I’ve written several non-trivial apps in Node.js and while I found it fun and interesting, I can’t bring myself to have a great deal of confidence in the finished product. It just feels unsafe. Javascript is a pretty gnarly language, carrying a lot of baggage from years of being pulled this way and that. Combine that with the async programming model which has a tendency to get you mentally tied up in knots, and it just seems like unexpected behaviour will be the inevitable outcome. Debugging Node.js can be a bitch. It is also very easy to write code that you come back to in 6mths and struggle to figure out what it’s meant to do. It may be possible to avoid these pitfalls, but the fact that they exist at all and bite most people at least a few times, is a sign of a more fundamental problem.
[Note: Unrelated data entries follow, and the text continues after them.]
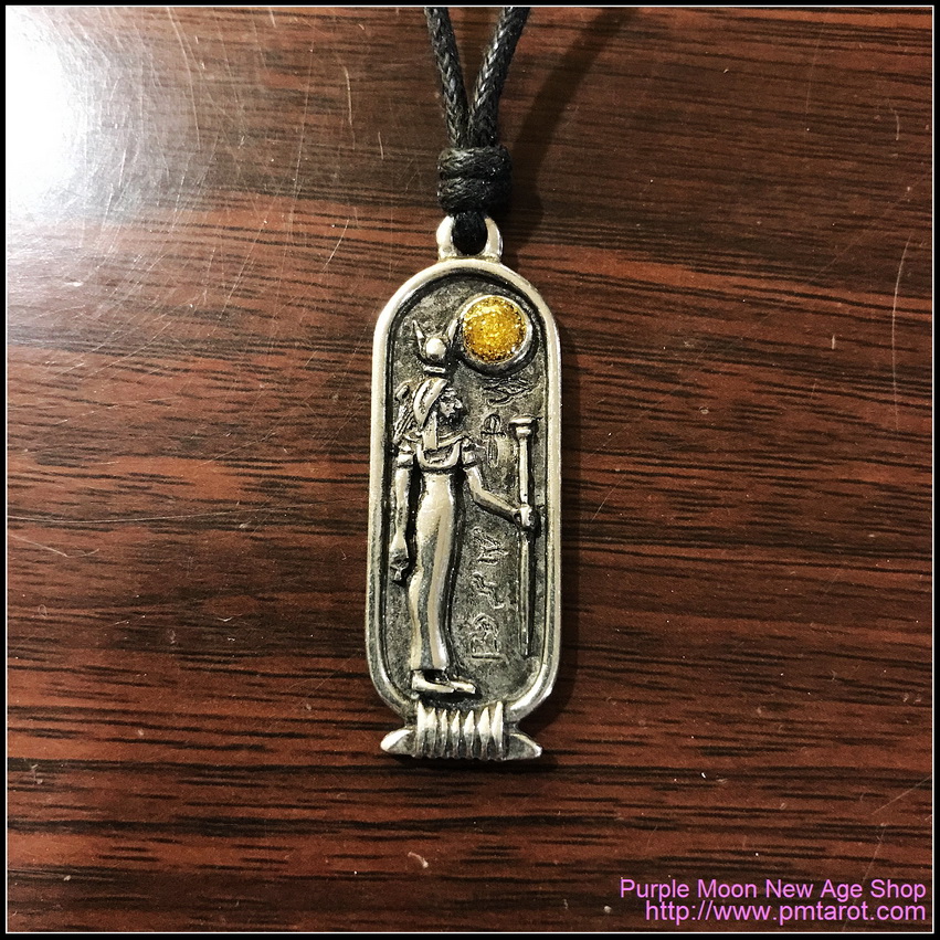 哈索爾是愛情,音樂和舞蹈的女神。代表性格外向,迷人的,熱情的,浪漫的。 吊墜包括黑色棉質可調項鍊。祂代表 5月26日至6月24日的生日。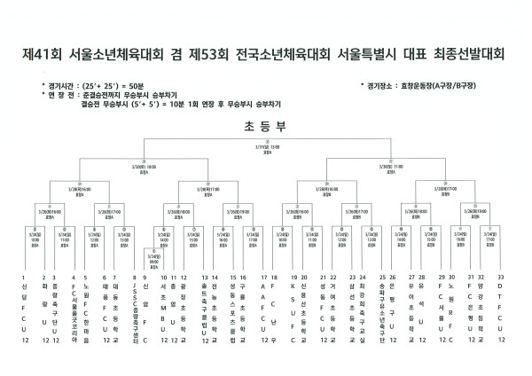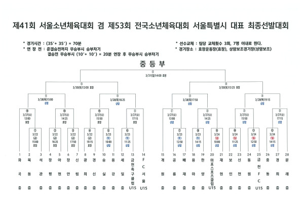 제41회 서울소년체육대회 겸 제53회 전국소년체육대회 서울특별시대표 최종선발대회 (대진표) 페이지 정보 작성자 최고관리자 조회3,672회 작성일 24-03-13 16:40 본문 남자 U13세 이하부 / 남자 U16세 이하부 이전글2024 제41회 서울소년체육대회 겸 제53회 전국소년체육대회 서울시대표 최종선발대회[중등부](우승-문래중/준우승-목동중) 24.03.29 다음글2023 서울특별시축구협회장배 축구대회[초등부](우승-FC난우/준우승-K리거강용FC) 23.12.05 목록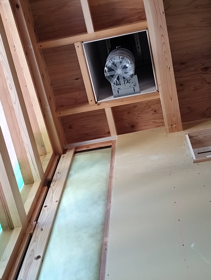 カフェ、レストランスペースに置かれる薪ストーブの煙突工事も行われました。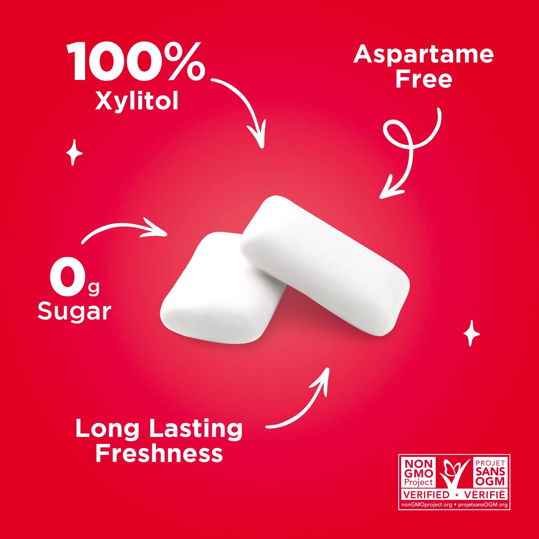• Keto-friendly and low-calorie—40% fewer calories than sugar-sweetened gums
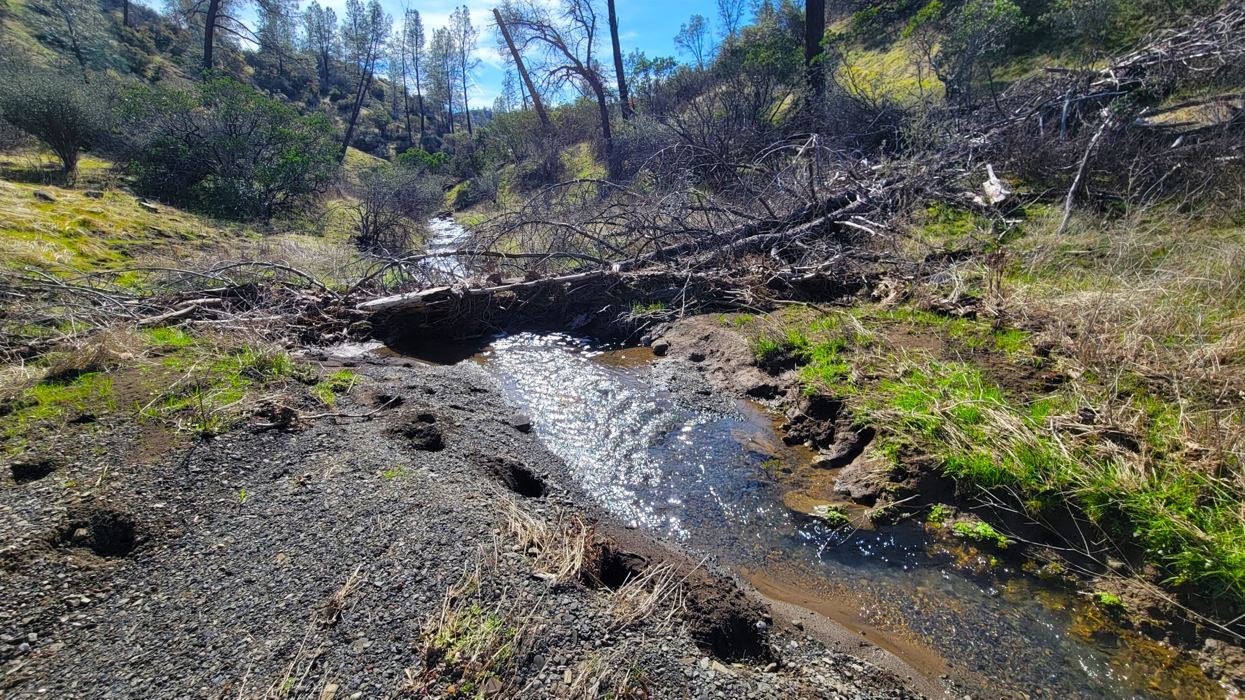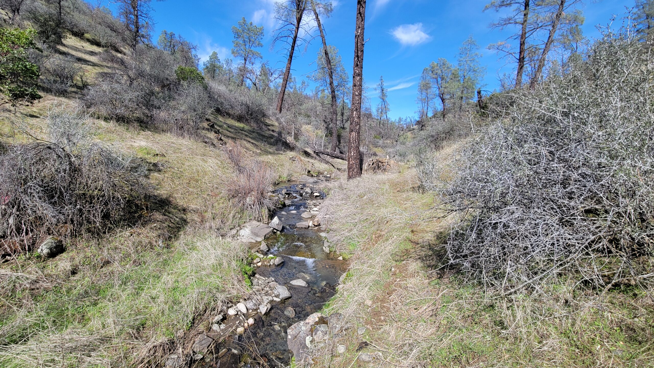 Directions: Where Hwy 273 meets Clear Creek Rd, go 22.6 miles on Clear Creek Rd. Left on Yolla Bolly dirt Rd (no sign) go 2 miles. Right on Cottonwood Creek Rd go .8 miles to pink tape and steep driveway/path on right.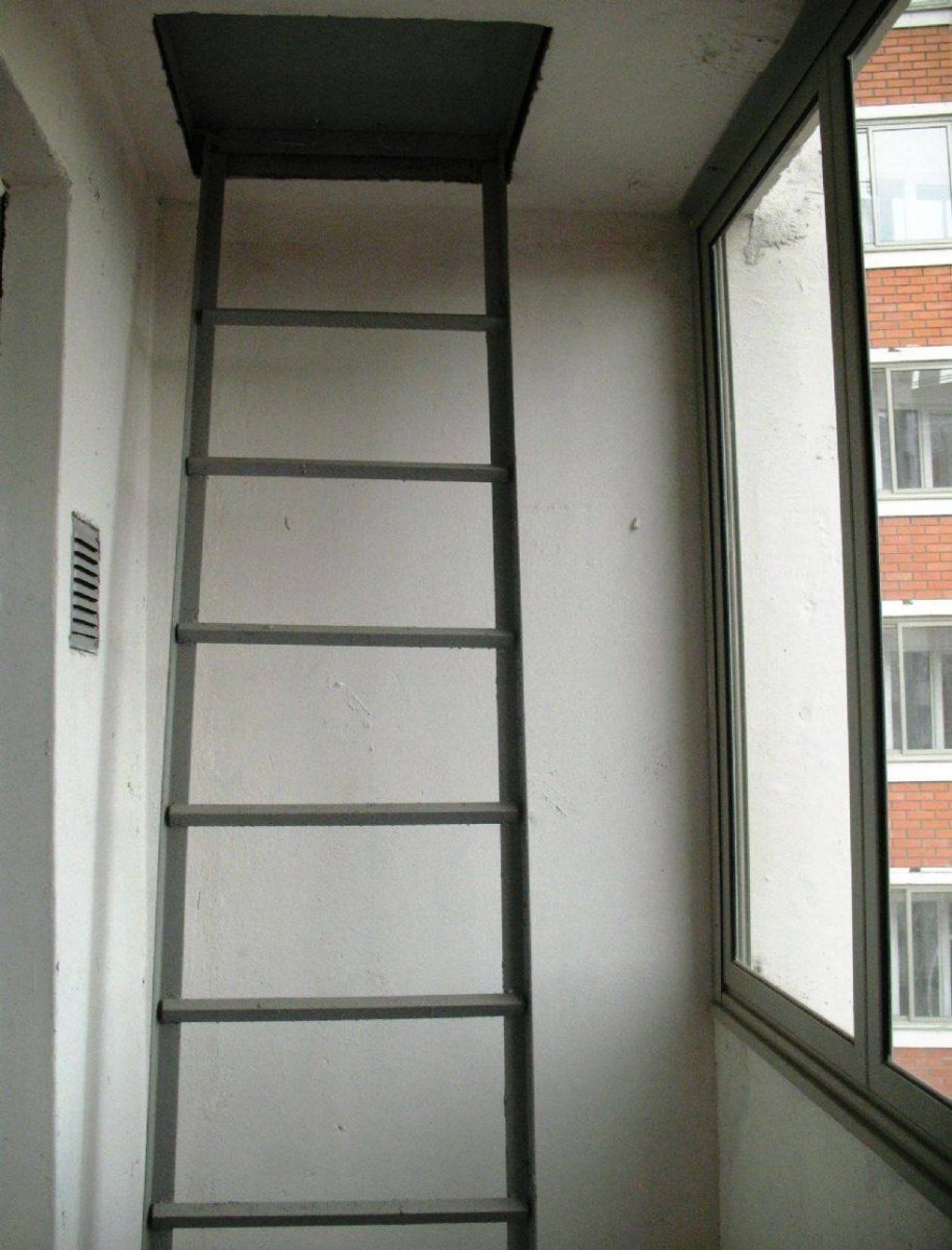 Балкон с пожарной лестницей и люком

On the topic of scalability, Node.js is tied to a single threaded event loop. This is fine when you have a lot of IO wait and can hop between concurrent tasks, but as soon as you hit a task that chews CPU, all other tasks effectively stop dead. The solution is to spread the tasks across multiple Node.js instances, and that means forking. Setting up and tearing down a new process carries a not insignificant overhead penalty, and so is better suited to a few long-running processes than many short-lived processes. Load balancing of shared socket resource - for example, incoming TCP port connections - is done by the OS in a round-robin fashion; while probably fine for most scenarios, is a limitation none-the-less. To summarize: Node.js can be made to scale, however it requires careful planning and potentially quite a bit of extra overhead in terms of lines of code and system resources.

I feel that Go solves these problems while, importantly, remaining accessible and approachable for both newcomers and old-hands looking for a fresh approach.

28 Aug 2013, 20:35

And the winner is, Go!

I’ve just started playing around with Google’s language, Go (informally Golang). I’ve quickly become a fan and am already looking for opportunities to use it in a real-world application.

I’d heard about Go when it first came out but never really bothered to look into it until now. Since I’ve been learning more about it, I’ve had several of those aha! moments where I’ve felt like a an itch has just been scratched; something that’s bugged me about other languages has been implemented the right way with Go.

Go is very C-like, and programming in Go it’s easy at first to write C code accidentally without thinking. Go reaches far beyond C however, for example, in its use of methods and interfaces. Another big difference is in memory management, being more akin to Java with its garbage collection.

Features of Go that appeal to me in particular are:

  • Simplicity of the ecosystem. Everything is self-contained. You download a single binary tarball for your platform, unpack it somewhere convenient and just start using it. There is one tool, ‘go’, which does practically everything you need - run, build, install etc. Makefiles, you don’t need ’em!
  • Extensive standard library that is designed to accommodate modern systems programming.  Knowing that the same, powerful set of tools is available everywhere, straight out of the box, is a big plus.
  • Statically linked binaries For systems programming this is fantastic. I can code something up on one box and deploy the resulting binary across my entire estate of varying age and flavour of Linux distros without having to worry about library dependencies - something that can be problematic with e.g. Python
  • stable, well thought out language spec and library API. Having the direction and focus of full-time Google engineers behind the language really shows in this regard. The Go team have released v1 of the spec and have publicly stated that it will stay pretty much as-is for quite some time. This is good news indeed.
  • concurrency. Systems programming involves connecting lots of IO pieces together , and concurrency is needed to keep all the balls in the air at once. The Go team have baked this into the language where it should be via Goroutines and channels.